Not unnaturally the Respondent opposed this submission on the ground that matters formerly in dispute between the parties had by then been amicably resolved by the Memorandum of Agreement previously mentioned. The Respondent therefore submitted that there was no longer any live issue between the parties; I agree.
Nevertheless in a further submission of the 27th of September 2001 the Applicant’s solicitors stated that they had received no instructions to withdraw the application for Judicial Review. In effect they wished the Court to declare that the Respondent from the beginning was wrong in refusing to de-recognise the Union as the employees’ representative for the purposes of collective bargaining.
Counsel for the Applicant submitted that the Respondent had at all times been obtuse. I grant, as indeed the Respondent himself now
accepts, that he was wrong in refusing the request of the Applicant for de-recognition. I also accept that a person in the position
of the Respondent has a responsibility to be familiar with all legislation affecting the area of industrial relations including,
for example, the Act making the
Applicant the legal successor of the Colonial Mutual Life Assurance Society Limited in the Fiji Islands with the consequences following
from that set out in the Act, in particular Section 5(2).

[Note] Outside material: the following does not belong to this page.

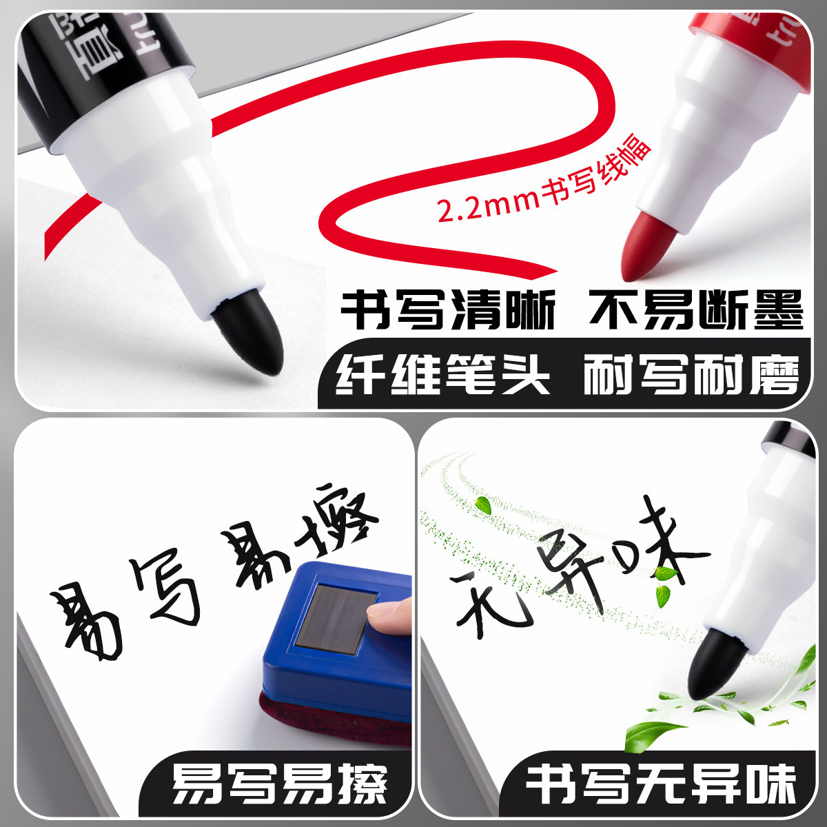 晨光可擦白板笔黑色速干顺滑大容量培训会议室教师书写白板专用笔儿童写字黑色蓝色红色可擦记号笔彩色大头笔

In my judgment therefore the proper course for the Applicant to have followed once it had entered into the Agreement of the 8th of June 2001 was to attempt to negotiate settlement of the litigation with the object of obtaining an order by consent granting Judicial Review and quashing the decision of the 30th of May 2001. It reflects no credit on the Applicant that this course was apparently not even attempted. Reading the Respondent’s submission I would be most surprised if the Respondent would not have agreed to such a proposal.
The result is in my view that the time of the Court has been unnecessarily taken up by having to consider the submissions made by the parties.
As I said at the beginning of this Judgment the Applicant must succeed and is entitled to an order for certiorari quashing the decision of the 30th of May 2001 but it seems to me it has won a Pyrrhic victory. In the circumstances I decline to make any order for costs.